Investors want to know the material terms of an investment, such as a structured product, in order to make an informed investment decision. Some material terms of a structured note may not be determined on the trade date, the day on which investors commit to purchasing the notes. For example, the starting value (or “initial level” or “initial price”) of an index- or stock-linked structured product is very often one of these terms. The starting value can be, as in a “look back” structured note, the lowest value of the underlying asset for a period of time after the trade date.

This article briefly discusses the legal issues arising from terms that are not determined on the trade date. When the starting value, for example, is unknown at the time of sale, the issuer's obligation to disclose material information under Rule 159 under the Securities Act of 1933 (the “Securities Act”) at or prior to the time of sale would be satisfied if the issuer disclosed the methodology by which the investor can determine the starting value in the preliminary pricing supplement or free writing prospectus for the offering. Although at the time of sale the investors do not know the starting value, investors can still rely on the methodology to determine, or to understand the calculation of, the starting value. The methodology should also be included in the final pricing supplement. When drafting the methodology, the issuer or counsel for the issuer should ensure that the methodology is explained in plain English.

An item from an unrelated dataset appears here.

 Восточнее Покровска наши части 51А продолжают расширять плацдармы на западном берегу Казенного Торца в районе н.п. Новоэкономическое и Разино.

Under Rule 424(b)(2) under the Securities Act, a final pricing supplement must be filed within two business days following the earlier of the date of the determination of the offering price or the date when such document is first used. If the initial level or price is determined after the trade date but before the filing date, under Rule 423, which allows a pricing supplement to be dated the “approximate date of its issuance,” the date of the pricing supplement can be changed from the trade date to the pricing date (in this case, the date on which the initial level or price is determined).

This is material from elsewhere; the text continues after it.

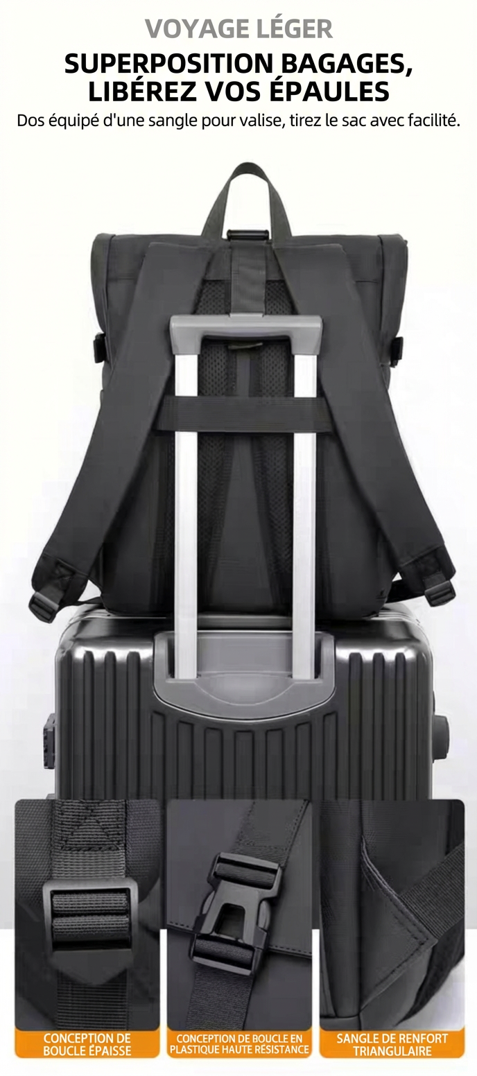 Un sac à dos de grande contenance, imperméable, parfait pour les déplacements et les voyages, une sacoche portable polyvalente adaptée aussi bien aux besoins professionnels qu'aux moments de détente, et spécialement conçue pour transporter un ordinateur portable d'une taille comprise entre 14 et 15,6 pouces en toute sécurité.

An issuer who offers such notes is not legally required to deliver a new prospectus after the date of the sale, but it is common practice to convey the final terms to investors. The issuer can do this by delivering a short supplement to the final pricing supplement (referred to sometimes as a “sticker”), amend the final pricing supplement, or have the investors' broker confirm the final terms to its customers by phone or e-mail. Therefore, an issuer whose structured products offerings have one or more terms to be determined after the trade date should consider the following:

  • Clearly explaining the methodology for determining the unknown terms;
  • Disclosing who will make such determination and when that will happen; and
  • How investors will receive the final terms.

Originally published in REVERSEinquiries: Volume 4, Issue 1.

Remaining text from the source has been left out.